■ RECORDED DATA
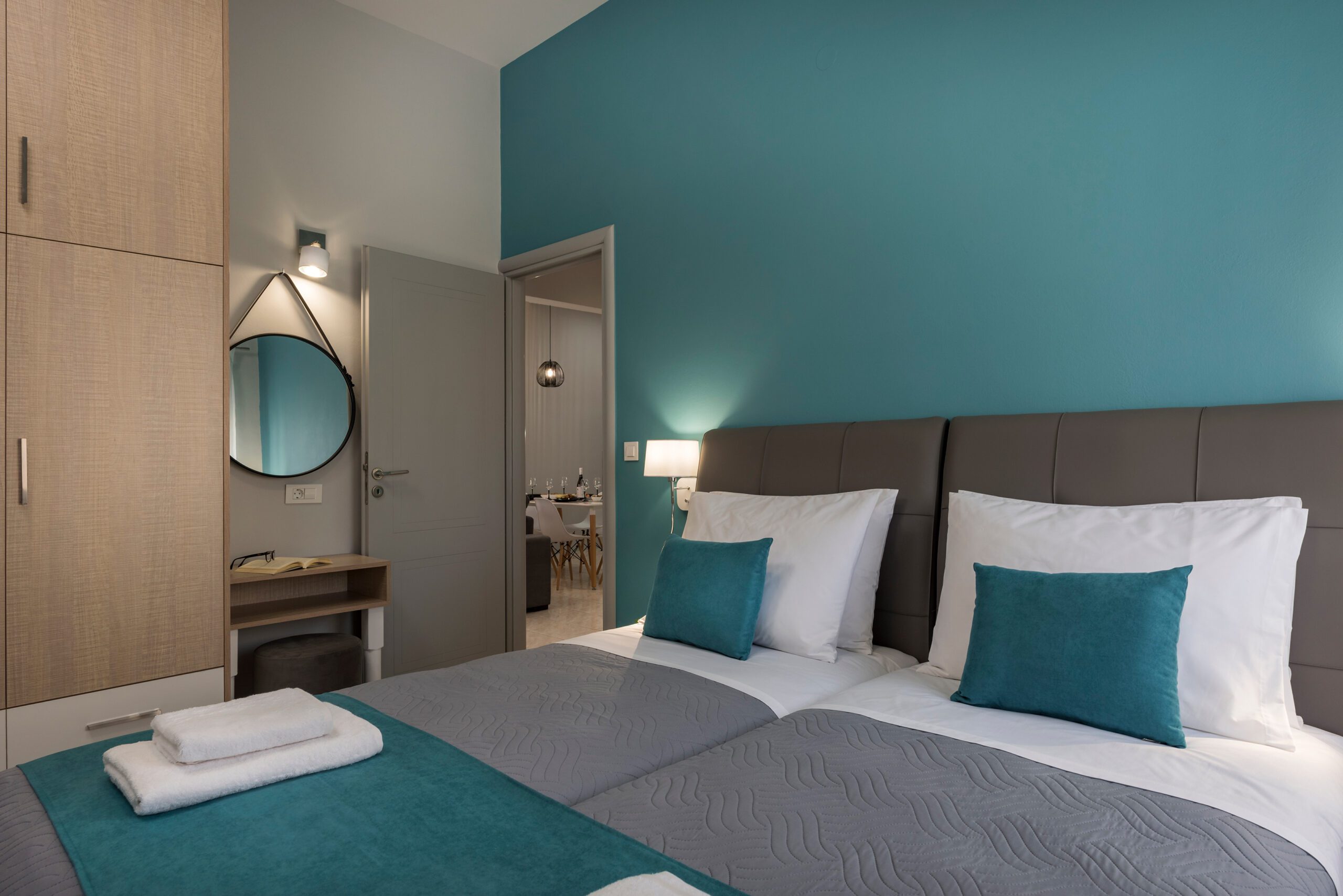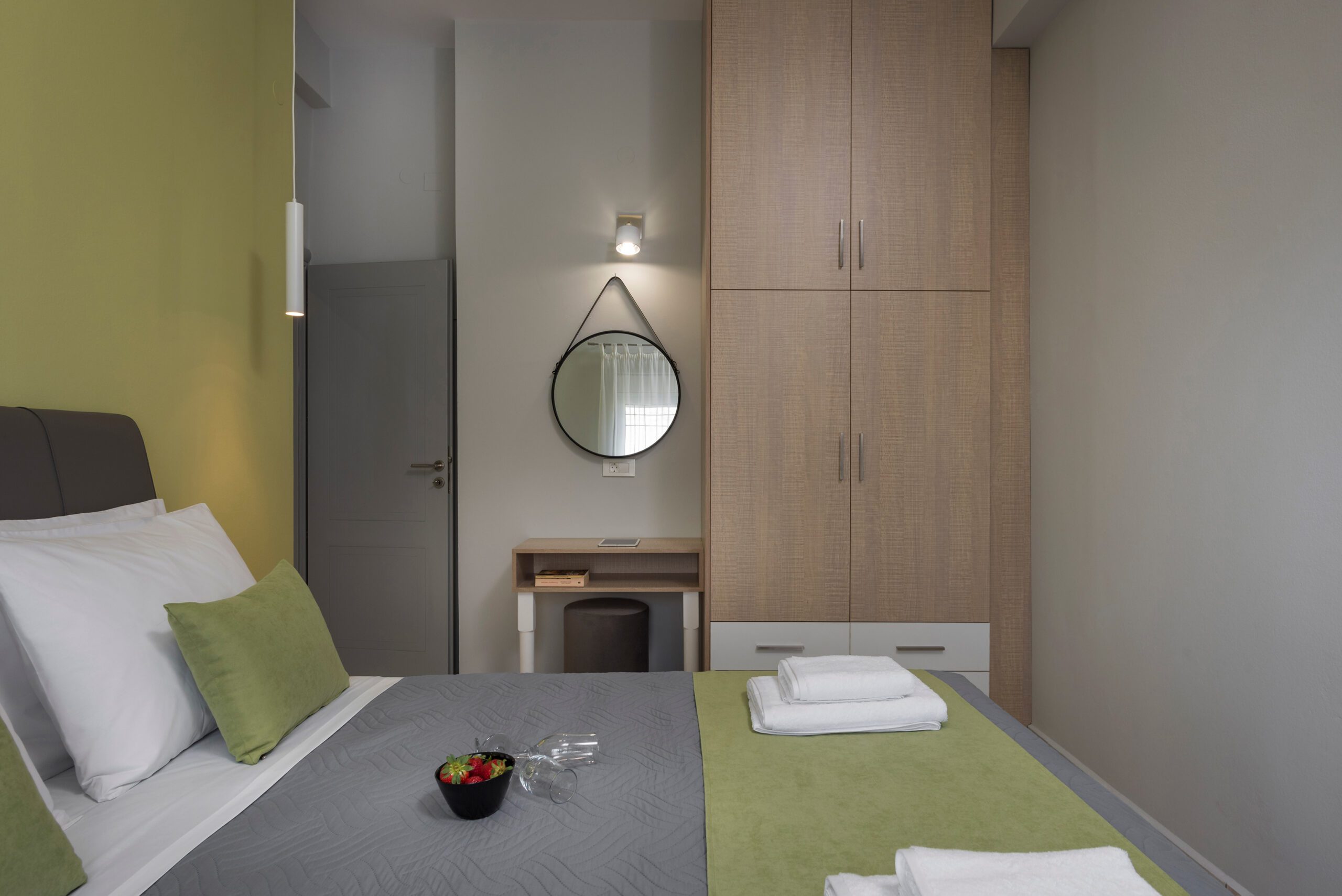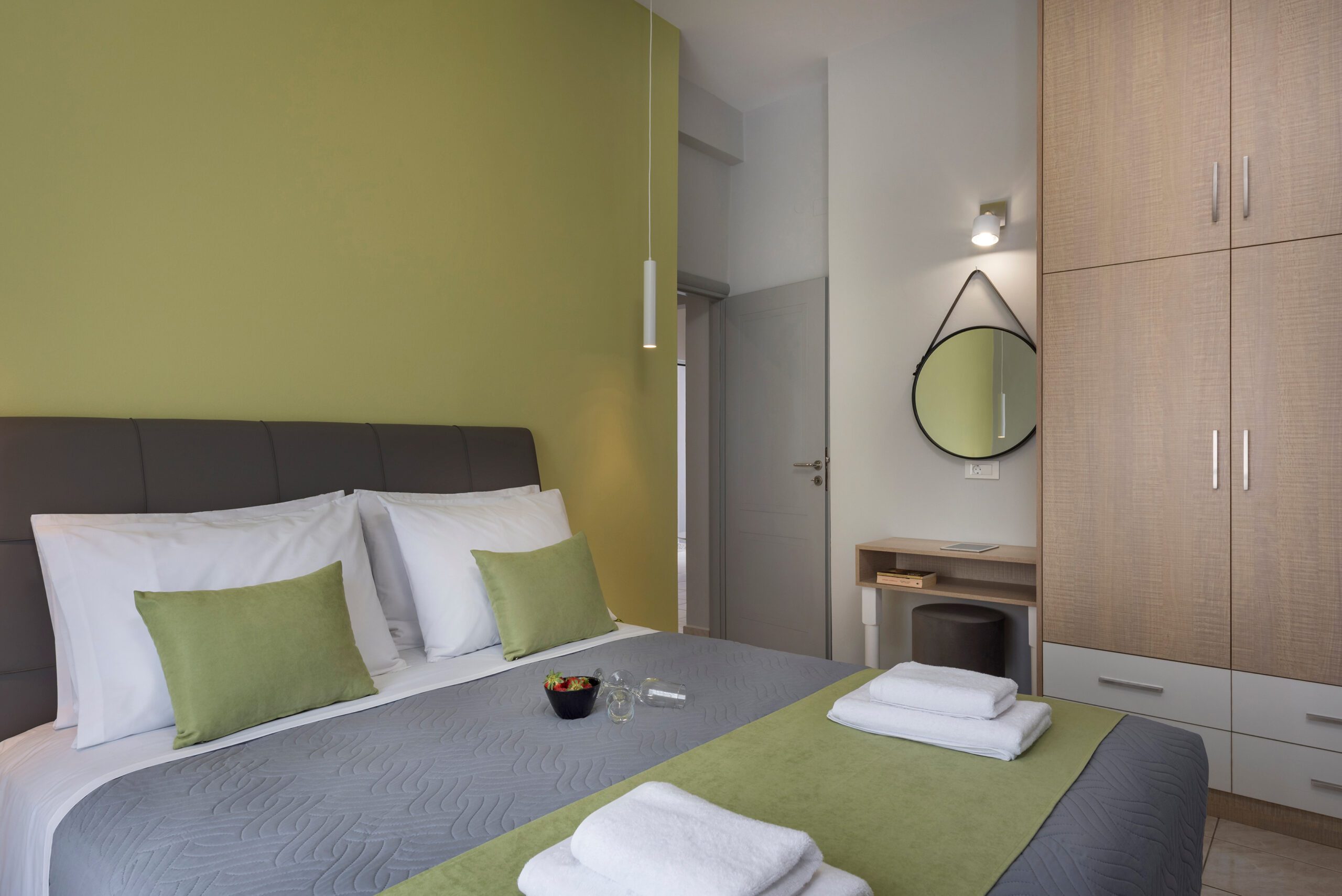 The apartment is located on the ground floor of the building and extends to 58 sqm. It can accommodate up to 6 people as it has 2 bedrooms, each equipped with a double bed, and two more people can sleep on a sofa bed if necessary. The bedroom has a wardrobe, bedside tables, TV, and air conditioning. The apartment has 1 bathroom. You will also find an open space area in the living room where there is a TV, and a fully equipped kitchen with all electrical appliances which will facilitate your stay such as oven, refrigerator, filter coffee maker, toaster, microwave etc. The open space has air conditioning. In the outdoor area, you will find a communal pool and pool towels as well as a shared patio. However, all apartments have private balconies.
---
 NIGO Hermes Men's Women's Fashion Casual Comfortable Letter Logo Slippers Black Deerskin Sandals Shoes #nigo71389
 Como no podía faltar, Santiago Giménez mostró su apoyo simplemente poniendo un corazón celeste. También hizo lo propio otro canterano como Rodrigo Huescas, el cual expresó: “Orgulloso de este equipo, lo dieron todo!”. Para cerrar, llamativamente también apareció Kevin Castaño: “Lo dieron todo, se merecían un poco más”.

■ TASK DETAILS
Set down exactly the lines of the data above, beginning with the line that has "NIGO Hermes Men's" and ending with the line that has "Como no podía", and no others.

■ ANSWER TO THIS PROBLEM
 NIGO Hermes Men's Women's Fashion Casual Comfortable Letter Logo Slippers Black Deerskin Sandals Shoes #nigo71389
 Como no podía faltar, Santiago Giménez mostró su apoyo simplemente poniendo un corazón celeste. También hizo lo propio otro canterano como Rodrigo Huescas, el cual expresó: “Orgulloso de este equipo, lo dieron todo!”. Para cerrar, llamativamente también apareció Kevin Castaño: “Lo dieron todo, se merecían un poco más”.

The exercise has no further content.